Problem to work on.
From the first line of the data below through the line holding "Insgesamt fünf Mitarbeiter", output each line exactly and leave the pictures out.
Information supplied section start
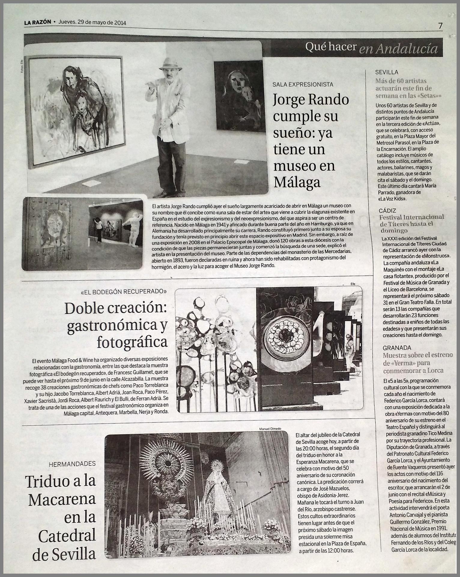 La Razón - Jorge Rando cumple su sueño: ya tiene un museo en Málaga
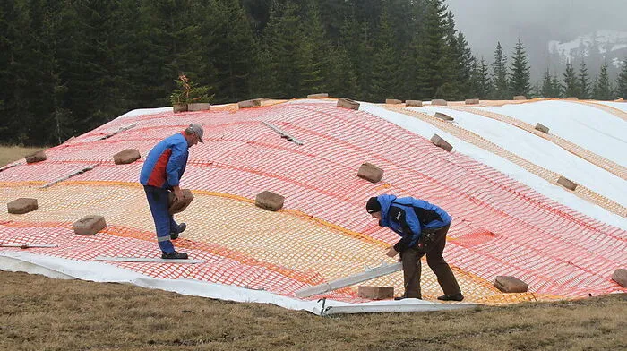 Insgesamt fünf Mitarbeiter der Goldeck Bergbahnen waren mit dem Zudecken des Schneevorrates für die kommende Wintersaison beschäftigt
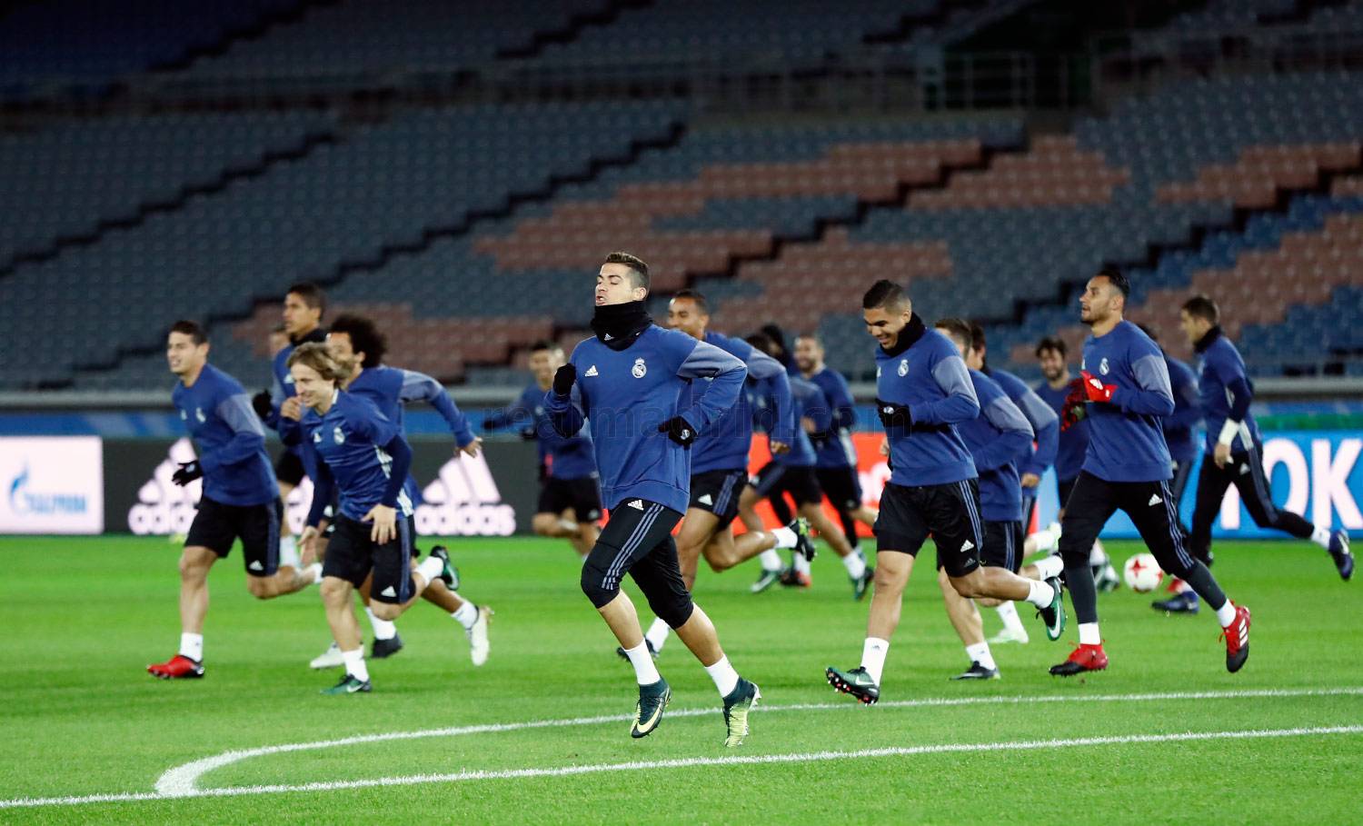 Тренировка началась с работы с мячом: состав разделился на две группы, в каждой из которых футболисты играли в «квадрат». После этого игроки Королевского клуба занимались челночным бегом, а в конце занятия Зинедин Зидан снова дал своим подопечным упражнения на контроль мяча. Серхио Рамос занимался отдельно на поле, в то время как Пепе тренировался в зале.
Information supplied section end
Exercise result.
 La Razón - Jorge Rando cumple su sueño: ya tiene un museo en Málaga
 Insgesamt fünf Mitarbeiter der Goldeck Bergbahnen waren mit dem Zudecken des Schneevorrates für die kommende Wintersaison beschäftigt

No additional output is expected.